Company Culture Trends to Watch in 2021
Within the next year, workplace culture may undergo one of the most significant shifts in recent memory. From the anticipated COVID-19 fallout to the decentralization of traditional offices, company cultures could look very different by the end of 2021. Here’s how.
What is Company Culture and Why Does it Matter?
Company culture often refers to the personality of a company. It’s a learned, shared experience that defines the environment employees work in, company mission, company values, ethics, expectations, and goals.
Employees are more likely to enjoy their time in the workplace if they fit in with the company culture, which impacts retention and engagement rates. Additionally, employees are more likely to recommend others to work for your company.
Company Culture Trends HR Pros Should Watch in 2021
Employers and HR professionals can enhance company culture by adopting new processes or tweaking existing practices. No matter how teams approach changes, culture shifts should fit with a company’s mission and vision for success, now and in the future.
Consider the following trends to watch in 2021:
- Long-term COVID-19 Changes: COVID-19 changed everything. And while much remains unclear about the future of American workplaces after the end of the coronavirus pandemic, employers can expect shifts towards more remote work-friendly offices and rethinking how business travel is done.

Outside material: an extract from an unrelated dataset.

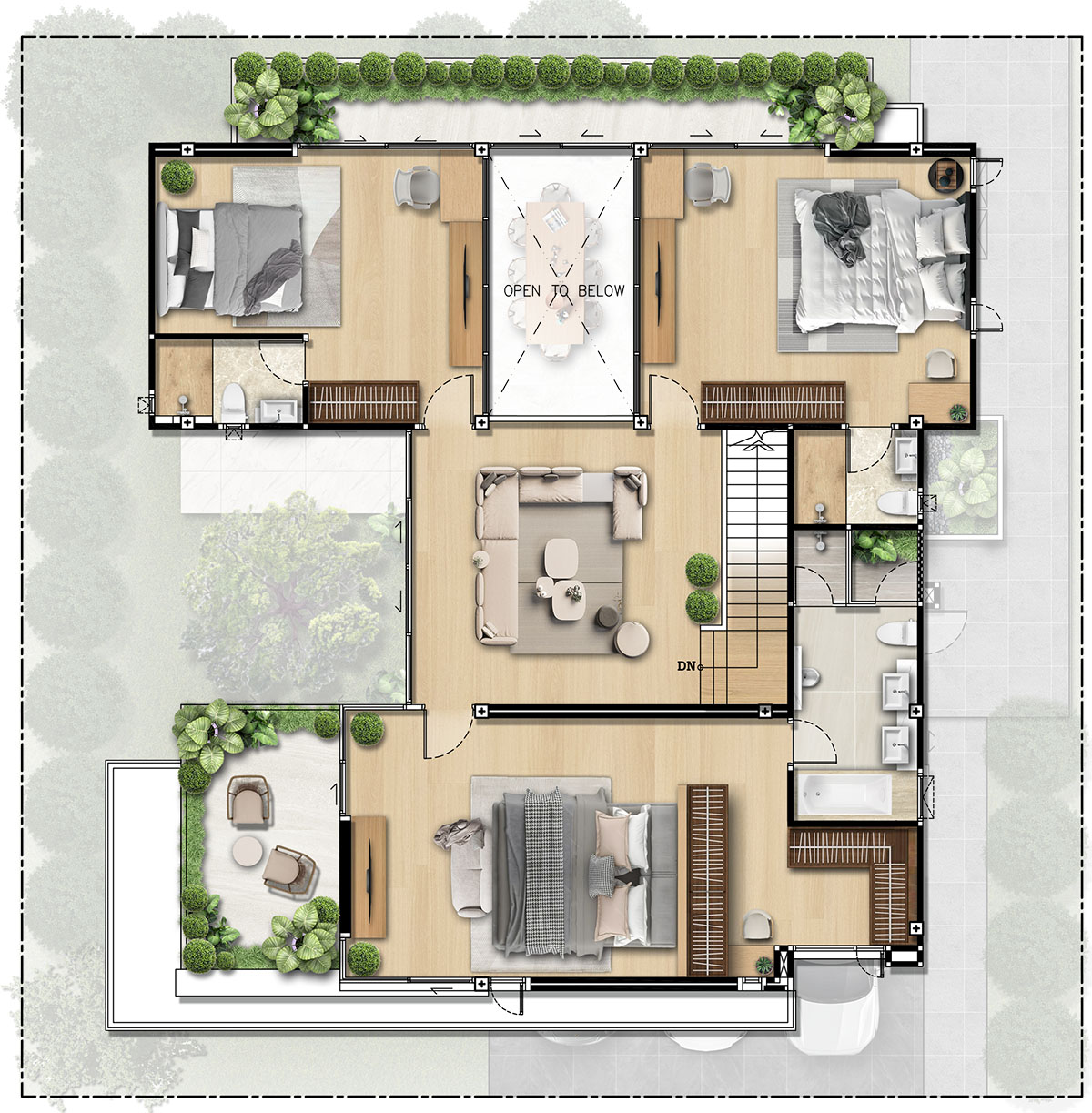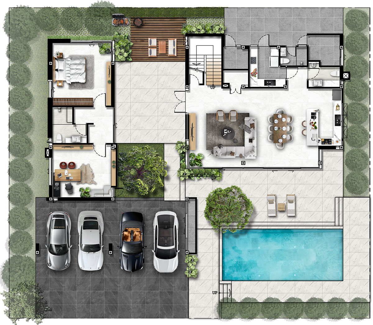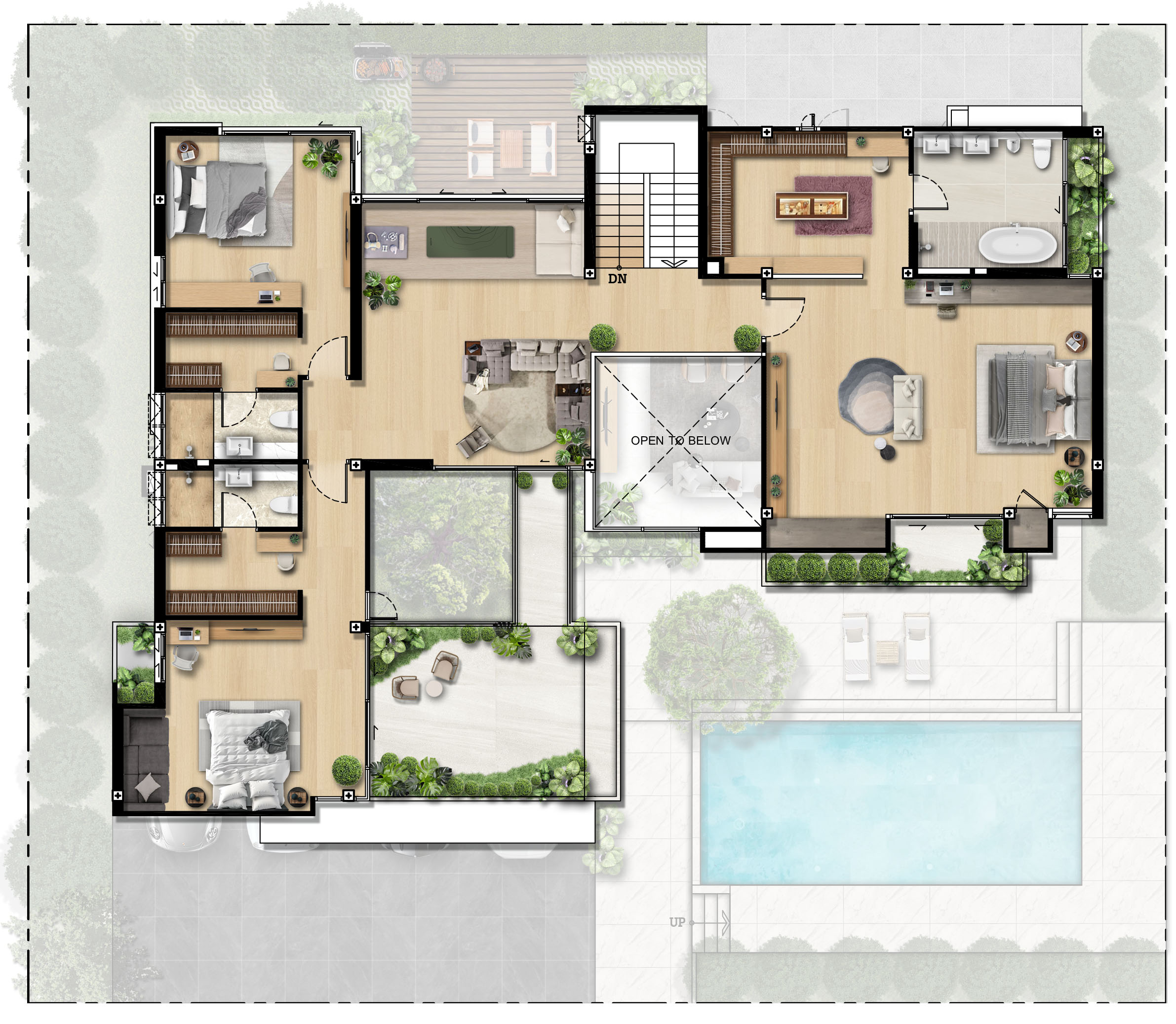 • ฟังก์ชันบ้าน 4 ห้องนอน 5 ห้องน้ำ 4 ที่จอดรถ

- Commitment to a Healthy Work-Life Balance: The collective stress experienced by Americans in 2020 will play a role in shaping benefits packages for 2021 open enrollment. For example, Human Resources Today predicts employers that place greater emphasis on providing a healthy work-life balance for its employees will benefit the most in the coming year. This could include more flexible PTO policies, mental health services, and pet-friendly benefits.
- Decentralized Workplaces: With remote work now common in countless industries, employers are rethinking how their offices are laid out. Whether downsizing square footage, relocating to more affordable locations, or restructuring the workspace, HR should prepare for a workforce that’s managed both digitally and physically. The Washington Post even expects companies will soon begin hiring executives to "lead the remote work experience."

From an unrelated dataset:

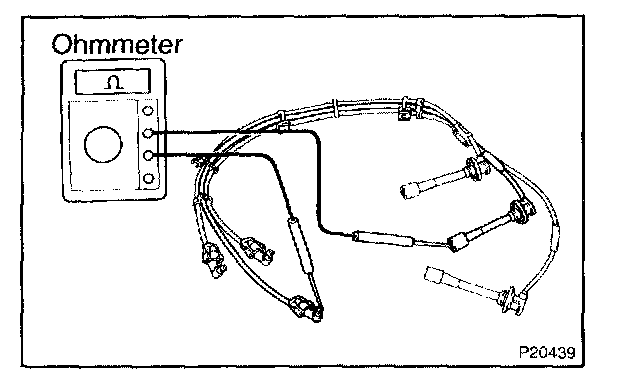 c. Using an ohmmeter, measure the high-tension cord resistance.

- Remote Work Benefits: HR Dive recently reported that social media giant Facebook estimated half of its workforce will be working remotely within five to 10 years. As work-from-home becomes more normalized, companies will continue to add value to employees in these positions. Look for remote work stipends to become more popular in 2021, including allocations for internet expenditures, office equipment and materials, and even coffee supplies.
- Emphasis on 1:1 Meetings: With shifts towards more decentralized workforces, managers and supervisors will look for ways to improve their communication with direct reports. By implementing weekly 1-to-1 meetings, managers can offer constructive coaching and cover compliance concerns in the event an employee is laid off.
- Intentional Culture Building: In the past, anything resembling culture was likely a byproduct of work tasks and the work environment; now, culture informs daily work and the work environment. Employee recognition company O.C. Tanner identified intentional efforts to build company culture as a trend for 2020 and employers have every reason to believe this will extend into 2021. HR should look to build a meaningful culture that enhances the company and the employees’ experience.
- More Reliance on Digital Processes: Smaller companies can and should adopt digital platforms that make daily processes easier to manage. For example, an HRIS combines and simplifies HR tasks like applicant tracking and Form I-9 compliance. The result? Extra time for HR to focus on things like building culture, implementing 1:1 meetings, and more.